1

I have data over 3 years that I would like to plot.

However I would like to plot each year side by side.

In order to do this, I'd like to make the date 03/17/2010 become 03/17, so that it lines up with 03/17/2011.

any ideas how to do that in R?

Here is an image of what I'd like it to look like: enter image description here

4

4 回答 4

4

R has its own Date representation, which you should use. Once you convert data to Date it is easy to manipulate their format using the format function.

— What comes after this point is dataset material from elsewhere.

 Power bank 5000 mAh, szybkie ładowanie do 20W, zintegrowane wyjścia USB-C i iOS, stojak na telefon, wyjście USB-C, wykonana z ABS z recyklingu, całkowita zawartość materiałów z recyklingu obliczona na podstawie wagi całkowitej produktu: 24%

http://www.statmethods.net/input/dates.html

as an example

> d <- as.Date( "2010-03-17" )
> d
[1] "2010-03-17"
> format( d, format="%m/%d")
[1] "03/17"

or with your data style

> format( as.Date("03/17/2010", "%m/%d/%Y"), format="%m/%d")
[1] "03/17"
于 2013-08-16T07:59:42.690 回答
1

You can use R's built in style for dates, using as.Date() and format to choose only month and day:

> dates <- c("02/27/92", "02/27/92", "01/14/92", "02/28/92", "02/01/92")
> format(as.Date(dates, "%m/%d/%y"), "%m/%d")
[1] "02/27" "02/27" "01/14" "02/28" "02/01"

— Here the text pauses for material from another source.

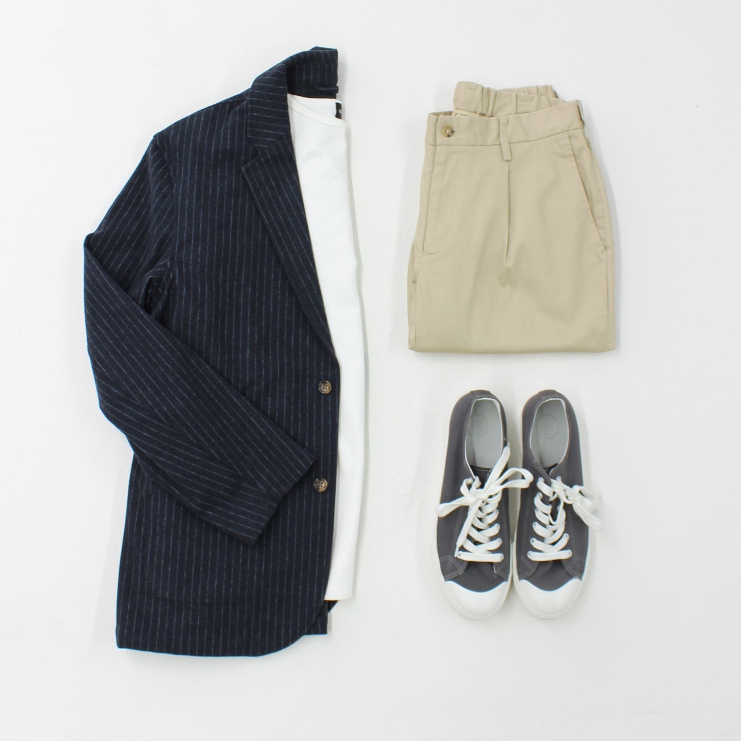 カフェの雰囲気に合うように、ネイビーのジャケットにチノパンとカットソーを合わせたカジュアルなジャケパンコーデにしました。ジャケットが程よくきれいさをプラスし、白のインナーで軽さもある爽やかな印象です。靴はスニーカーにしてよりカジュアルな雰囲気にしましょう。

For your example, just use your own dates.

I found this out using R's help where the previous was the example:

> ?as.Date
> ?format 
于 2013-08-16T07:59:52.043 回答
0

Here's my solution:

It involves formatting the date to a string (without year) and then back to a date, which will default all of the dates to the same (current year).

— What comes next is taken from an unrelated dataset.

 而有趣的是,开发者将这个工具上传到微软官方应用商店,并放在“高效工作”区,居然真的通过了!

The code and sample input file are below:

Code

# Clear all
rm(list = ls())

# Load the library that reads xls files
library(gdata)

# Get the data in
data = read.csv('Readings.csv')

# Extract each Column
readings = data[,"Reading"]
dates = as.Date(data[,"Reading.Date"])

# Order the data correctly
readings = readings[order(dates)]
dates = dates[order(dates)]

# Calculate the difference between each date (in days) and readings
diff.readings = diff(readings)
diff.dates = as.numeric(diff(dates)) # Convert from days to an integer

# Calculate the usage per reading period
usage.per.period = diff.readings/diff.dates

# Get Every single day between the very first reading and the very last
# seq will create a sequence: first argument is min, second is max, and 3rd is the step size (which in this case is 1 day)
days = seq(min(dates),max(dates), 1)
# This creates an empty vector to get data from the for loop below
usage.per.day = numeric()

# The length of the diff.dates is the number of periods that exist.
for (period in 1:(length(diff.dates))){
    # to convert usage.per.period to usage.per.day, we need to replicate the 
    # value for the number of days in that period. the function rep will 
    # replicate a number: first argument is the number to replicate, and the 
    # second number is the number of times to replicate it. the function c will 
    # concatinate the current vector and the new period, sort of 
    # like value = value + 6, but with vectors. 
    usage.per.day = c(usage.per.day, rep(usage.per.period[period], diff.dates[period]))
}
# The for loop above misses out on the last day, so I add that single value manually
usage.per.day[length(usage.per.day)+1] = usage.per.period[period]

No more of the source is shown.